Count every line below in which "small" occurs, then give only the count.
::::
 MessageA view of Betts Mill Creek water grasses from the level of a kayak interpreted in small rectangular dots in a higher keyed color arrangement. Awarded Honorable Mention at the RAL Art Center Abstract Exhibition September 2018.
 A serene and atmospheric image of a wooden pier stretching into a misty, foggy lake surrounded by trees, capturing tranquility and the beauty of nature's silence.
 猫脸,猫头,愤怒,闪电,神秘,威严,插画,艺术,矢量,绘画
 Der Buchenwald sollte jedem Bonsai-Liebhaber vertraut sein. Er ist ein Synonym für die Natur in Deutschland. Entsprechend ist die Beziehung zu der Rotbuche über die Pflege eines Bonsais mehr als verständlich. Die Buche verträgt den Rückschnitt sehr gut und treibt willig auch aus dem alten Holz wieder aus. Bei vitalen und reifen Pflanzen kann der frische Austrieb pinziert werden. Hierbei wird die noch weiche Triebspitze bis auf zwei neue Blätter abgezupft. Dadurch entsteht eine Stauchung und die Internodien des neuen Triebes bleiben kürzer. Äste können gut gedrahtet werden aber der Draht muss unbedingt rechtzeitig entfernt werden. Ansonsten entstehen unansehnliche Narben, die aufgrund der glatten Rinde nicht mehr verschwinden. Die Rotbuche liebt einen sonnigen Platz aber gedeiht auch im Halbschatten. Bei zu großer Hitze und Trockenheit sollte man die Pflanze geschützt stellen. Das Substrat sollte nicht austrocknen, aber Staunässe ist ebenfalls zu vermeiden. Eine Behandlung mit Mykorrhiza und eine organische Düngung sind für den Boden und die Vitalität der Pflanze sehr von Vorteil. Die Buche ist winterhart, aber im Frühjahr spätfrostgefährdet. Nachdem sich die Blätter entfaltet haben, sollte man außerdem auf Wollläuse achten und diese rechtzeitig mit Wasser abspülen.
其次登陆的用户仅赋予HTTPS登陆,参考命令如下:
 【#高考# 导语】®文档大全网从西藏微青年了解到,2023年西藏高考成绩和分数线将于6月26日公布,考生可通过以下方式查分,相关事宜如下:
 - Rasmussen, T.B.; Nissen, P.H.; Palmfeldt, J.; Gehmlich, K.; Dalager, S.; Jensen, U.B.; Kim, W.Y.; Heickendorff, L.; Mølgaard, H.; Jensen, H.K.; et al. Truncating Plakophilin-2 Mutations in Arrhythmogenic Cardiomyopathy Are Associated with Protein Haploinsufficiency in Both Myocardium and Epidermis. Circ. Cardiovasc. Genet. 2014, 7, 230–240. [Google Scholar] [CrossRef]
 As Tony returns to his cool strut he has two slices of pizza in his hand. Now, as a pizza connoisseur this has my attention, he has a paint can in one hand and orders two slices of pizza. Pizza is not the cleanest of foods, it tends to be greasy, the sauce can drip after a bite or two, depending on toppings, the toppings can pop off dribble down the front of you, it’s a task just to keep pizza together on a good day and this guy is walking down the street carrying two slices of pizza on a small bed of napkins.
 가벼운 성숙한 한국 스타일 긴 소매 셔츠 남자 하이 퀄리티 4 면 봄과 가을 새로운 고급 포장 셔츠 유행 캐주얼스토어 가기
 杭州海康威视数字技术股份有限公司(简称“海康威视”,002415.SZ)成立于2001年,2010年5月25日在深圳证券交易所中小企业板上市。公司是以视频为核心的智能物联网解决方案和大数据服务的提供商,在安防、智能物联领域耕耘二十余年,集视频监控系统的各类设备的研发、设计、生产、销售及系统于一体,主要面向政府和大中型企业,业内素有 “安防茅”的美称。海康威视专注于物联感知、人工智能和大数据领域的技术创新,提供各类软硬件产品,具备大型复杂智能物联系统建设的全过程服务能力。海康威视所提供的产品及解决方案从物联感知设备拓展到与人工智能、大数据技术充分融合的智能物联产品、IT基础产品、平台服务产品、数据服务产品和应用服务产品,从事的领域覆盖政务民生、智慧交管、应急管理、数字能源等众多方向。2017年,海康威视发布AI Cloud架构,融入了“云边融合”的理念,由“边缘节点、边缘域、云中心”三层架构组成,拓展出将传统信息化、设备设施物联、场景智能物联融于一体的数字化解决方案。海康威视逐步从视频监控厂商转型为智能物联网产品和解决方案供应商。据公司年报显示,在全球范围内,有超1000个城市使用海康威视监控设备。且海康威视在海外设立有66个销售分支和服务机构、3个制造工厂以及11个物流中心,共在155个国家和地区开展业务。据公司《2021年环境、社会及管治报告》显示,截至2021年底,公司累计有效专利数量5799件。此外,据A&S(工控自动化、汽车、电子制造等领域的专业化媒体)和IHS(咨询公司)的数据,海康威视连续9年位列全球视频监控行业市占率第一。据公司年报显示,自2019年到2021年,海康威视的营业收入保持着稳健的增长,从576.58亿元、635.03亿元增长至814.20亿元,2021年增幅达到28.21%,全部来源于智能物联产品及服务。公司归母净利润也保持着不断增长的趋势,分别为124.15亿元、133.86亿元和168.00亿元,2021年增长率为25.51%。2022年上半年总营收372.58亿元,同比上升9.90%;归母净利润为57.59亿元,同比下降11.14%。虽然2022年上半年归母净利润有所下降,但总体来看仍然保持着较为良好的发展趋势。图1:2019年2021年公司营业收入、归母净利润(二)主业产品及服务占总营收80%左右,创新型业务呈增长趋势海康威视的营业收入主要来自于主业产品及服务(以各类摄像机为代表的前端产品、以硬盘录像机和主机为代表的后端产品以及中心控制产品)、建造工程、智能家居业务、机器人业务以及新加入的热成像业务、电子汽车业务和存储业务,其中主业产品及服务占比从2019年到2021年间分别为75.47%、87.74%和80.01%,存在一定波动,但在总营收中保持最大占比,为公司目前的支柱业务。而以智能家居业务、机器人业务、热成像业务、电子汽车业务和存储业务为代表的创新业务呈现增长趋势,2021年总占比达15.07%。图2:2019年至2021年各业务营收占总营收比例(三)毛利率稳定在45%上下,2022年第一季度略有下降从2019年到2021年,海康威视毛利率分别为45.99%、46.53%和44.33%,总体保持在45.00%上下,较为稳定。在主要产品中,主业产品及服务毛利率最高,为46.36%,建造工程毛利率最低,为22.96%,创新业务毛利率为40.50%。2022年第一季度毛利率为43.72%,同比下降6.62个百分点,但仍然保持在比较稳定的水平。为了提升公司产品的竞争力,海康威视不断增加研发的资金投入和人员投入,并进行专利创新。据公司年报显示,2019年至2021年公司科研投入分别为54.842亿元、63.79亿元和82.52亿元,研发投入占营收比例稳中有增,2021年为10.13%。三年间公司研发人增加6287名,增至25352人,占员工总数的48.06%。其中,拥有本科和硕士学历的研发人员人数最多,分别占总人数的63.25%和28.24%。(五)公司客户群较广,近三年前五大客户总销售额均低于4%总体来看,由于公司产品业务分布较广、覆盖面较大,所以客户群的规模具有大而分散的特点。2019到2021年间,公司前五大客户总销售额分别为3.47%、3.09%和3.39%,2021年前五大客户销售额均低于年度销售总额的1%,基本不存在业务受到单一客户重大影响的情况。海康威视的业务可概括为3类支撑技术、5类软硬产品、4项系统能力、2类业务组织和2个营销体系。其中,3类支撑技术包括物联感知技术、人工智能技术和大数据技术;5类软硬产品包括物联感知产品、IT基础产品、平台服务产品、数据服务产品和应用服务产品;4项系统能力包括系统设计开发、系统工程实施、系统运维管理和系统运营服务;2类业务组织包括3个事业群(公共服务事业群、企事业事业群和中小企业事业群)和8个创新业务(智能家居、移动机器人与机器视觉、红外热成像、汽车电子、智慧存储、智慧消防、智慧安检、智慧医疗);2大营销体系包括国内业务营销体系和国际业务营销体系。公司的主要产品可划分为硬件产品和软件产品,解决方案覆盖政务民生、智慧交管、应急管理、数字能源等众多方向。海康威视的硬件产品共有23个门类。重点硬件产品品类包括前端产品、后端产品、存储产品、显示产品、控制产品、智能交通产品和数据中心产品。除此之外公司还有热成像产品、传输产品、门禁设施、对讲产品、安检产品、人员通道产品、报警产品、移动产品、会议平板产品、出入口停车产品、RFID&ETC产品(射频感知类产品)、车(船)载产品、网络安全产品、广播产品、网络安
::::
▶ [EXPECTED ANSWER]
2